I still flew back a day early, to Islamabad. Once the horrific siege of Mumbai was finished, killing 171 people over three days, the focus of the story switched to Pakistan, hardly a shock to the world. The one surviving militant had allegedly told Indian authorities that he was from a town called Faridkot. But at least three towns were named Faridkot in the province of Punjab alone. I had no interest in running after a ghost, in driving to town after town. I wanted the right Faridkot. I also needed to go to Lahore, the capital of Punjab, to look into the charity that American and Indian authorities claimed was a front for the militant group Lashkar-e-Taiba, blamed for the Mumbai attack. This group—“Lash” for short—had been formed with the help of the Inter-Services Intelligence Directorate (ISI), the Pakistani spy agency, in the late 1980s, just after the Soviets were driven out of Afghanistan. It had originally served as an unofficial arm of the Pakistan military, doing its dirty work in the Indian-controlled part of Kashmir.

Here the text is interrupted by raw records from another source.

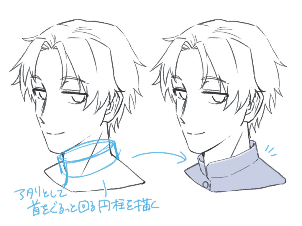 詰襟を描くときは、ぐるっと回る円柱を描くようにアタリを描くと、形を捉えやすくなります。首に沿った詰襟を描いていきましょう。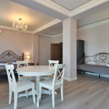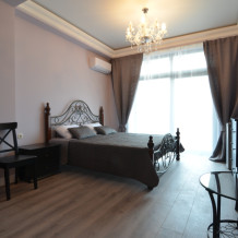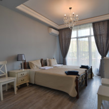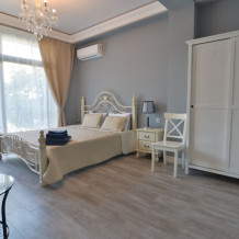 Это трёхместный однокомнатный номер светлый и просторный, с большим панорамным окном, откуда открывается великолепный вид на виноградники, море и горы.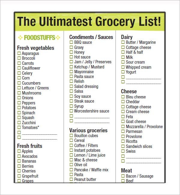 Grocery List Template Grocery Lists Printable Grocery List Template

After Lash was blamed for attacking India’s parliament in late 2001, Pakistan banned the group and distanced itself—in theory, at least. Like other banned militant groups, leaders were placed under house arrest, but only for a few months. Like other groups, Lash simply changed its name. Most militancy experts and Western diplomats believed that Lash was now publicly operating as the charity Jamaat-ud-Dawa. The same man had started both groups, the groups had shared the same leaders. Even before the siege of Mumbai, the United States had imposed financial sanctions on the founder and listed both groups as terrorist organizations.

Still, despite a public crackdown on Lash, the charity had run relief camps during a major earthquake and during the internal refugee crisis. A few weeks before Mumbai, the charity held two large meetings in Punjab Province, the first since Lash was banned. Almost a million people attended each meeting. The founder talked in vague terms about jihad, a phrase that in Islam usually meant “a personal struggle against temptation” but with these groups was often code for fighting in defense of the religion, which in recent years had included striking first. Some women in attendance were so impressed with the founder’s speeches, they handed over their gold jewelry for the cause.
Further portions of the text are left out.